1. We agree with Appellants' argument the trial court erred in holding the authority granted to Arredondo by the two Powers of Attorney did not authorize her to enter into the Arbitration Agreement because arbitration was not specifically listed among the powers. The Federal Arbitration Act (FAA)1 "makes arbitration agreements 'valid, irrevocable, and enforceable, save upon such grounds as exist at law or in equity for the revocation of any contract.'" Kindred Nursing Ctrs. Ltd. P'ship v.
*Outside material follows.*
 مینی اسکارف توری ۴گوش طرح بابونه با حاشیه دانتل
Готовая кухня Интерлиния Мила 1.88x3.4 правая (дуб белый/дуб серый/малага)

Clark, 137 S. Ct. 1421, 1426 (2017) (quoting 9 U.S.C.A. § 2). "That statutory provision establishes an equal-treatment principle: A court may invalidate an arbitration agreement based on 'generally applicable contract defenses' like fraud or unconscionability, but not on legal rules that 'apply only to arbitration or that derive their meaning from the fact that an agreement to arbitrate is at issue.'" Id. (quoting AT & T Mobility LLC v. Concepcion, 563 U.S. 333, 339 (2011)). "[T]he decision to enter into an arbitration agreement primarily concerns the signatory's decision to waive his or her right of access to the courts and right to a trial by jury." Hodge v. UniHealth Post-Acute Care of Bamberg, LLC, 422 S.C. 544, 566-67, 813 S.E.2d 292, 304 (Ct. App. 2018), cert. denied, (S.C. Sup. Ct. Order dated Aug. 21, 2018) (quoting Dickerson v. Longoria, 995 A.2d 721, 736-37 (Md. 2010)).
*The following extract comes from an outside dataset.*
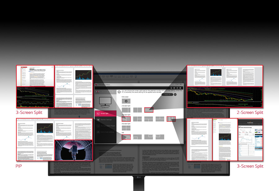 Για περισσότερη ευελιξία, το ενημερωμένο λογισμικό OnScreen Control 2.0 επιτρέπει στους χρήστες να επιλέγουν από μια μεγάλη ποικιλία σχεδίων για το στήσιμο, όπως για παράδειγμα την επιλογή ανάλυσης Split Screen που είναι κατάλληλη για ανάλυση δεδομένων. Επιπλέον, οι 4 τύποι Picture-in-Picture (PIP) παρέχουν τη δυνατότητα να ρυθμιστεί η διαφάνεια του παραθύρου για τέλεια εξατομίκευση βάσει των αναγκών τους, ενώ με το Flicker Safe μειώνεται η καταπόνηση των ματιών. Για παιχνίδια ή για παρακολούθηση ταινιών, ο σταθεροποιητής μαύρου χρώματος (Black Stabilizer) τους επιτρέπει να απολαμβάνουν περιεχόμενο υψηλής ποιότητας και να έχουν ορατότητα ακόμα και όταν οι σκηνές είναι πραγματικά σκοτεινές.

"A power of attorney is an instrument in writing by which one person, as principal, appoints another as his agent and confers upon him the authority to perform certain specified acts or kinds of acts on behalf of the principal." Watson v. Underwood, 407 S.C. 443, 454, 756 S.E.2d 155, 161 (Ct. App. 2014) (quoting In re Thames, 344 S.C. 564, 569, 544 S.E.2d 854, 856 (Ct. App. 2001)). The United States Supreme Court rejected the Kentucky Supreme Court's application of its "clear statement rule," which provided a power of attorney could not entitle a representative to enter into an arbitration agreement without specific language granting that authority. Kindred Nursing Ctrs. Ltd. P'ship, 137 S. Ct. at 1426-27. The Supreme Court explained, "Because that rule singles out arbitration agreements for disfavored treatment, we hold that it violates the FAA." Id. at 1425. Under South Carolina law, an act does not have to be specifically enumerated in a power of attorney in order for the agent to be authorized to perform the act on behalf of the principal. See First S. Bank v. Rosenberg, 418 S.C. 170, 181, 790 S.E.2d 919, 925-26 (Ct. App. 2016) (rejecting appellant's contention "that an agent cannot sign a guaranty on behalf of his principal pursuant to a power of attorney unless the power of attorney specifically authorized the execution because this assertion is unsupported by South Carolina law"). Applying the equal treatment principal, we hold a power of attorney does not need to explicitly refer to arbitration in order to grant the agent authority to execute an arbitration agreement as long as the powers granted are broad enough to include

1 9 U.S.C.A. §§ 1-16 (West 2009). such an act. Thus, we find the trial court erred in imposing a more restrictive requirement for authority to execute an arbitration agreement.

We turn to the language of the Powers of Attorney to determine whether they provided authority for Arredondo to execute the Arbitration Agreement on behalf of her father.

"Our courts have looked to contract law when reviewing actions to set aside or interpret a power of attorney." Stott v. White Oak Manor, Inc., 426 S.C. 568, 577, 828 S.E.2d 82, 87 (Ct. App. 2019), cert. pending, (citing In re Thames, 344 S.C. at 571, 544 S.E.2d at 857; Watson, 407 S.C. at 454, 756 S.E.2d at 161). "The cardinal rule of contract interpretation is to ascertain and give effect to the intention of the parties, and, in determining that intention, the court looks to the language of the contract." Id. (quoting Watson, 407 S.C. at 454-55, 756 S.E.2d at 161).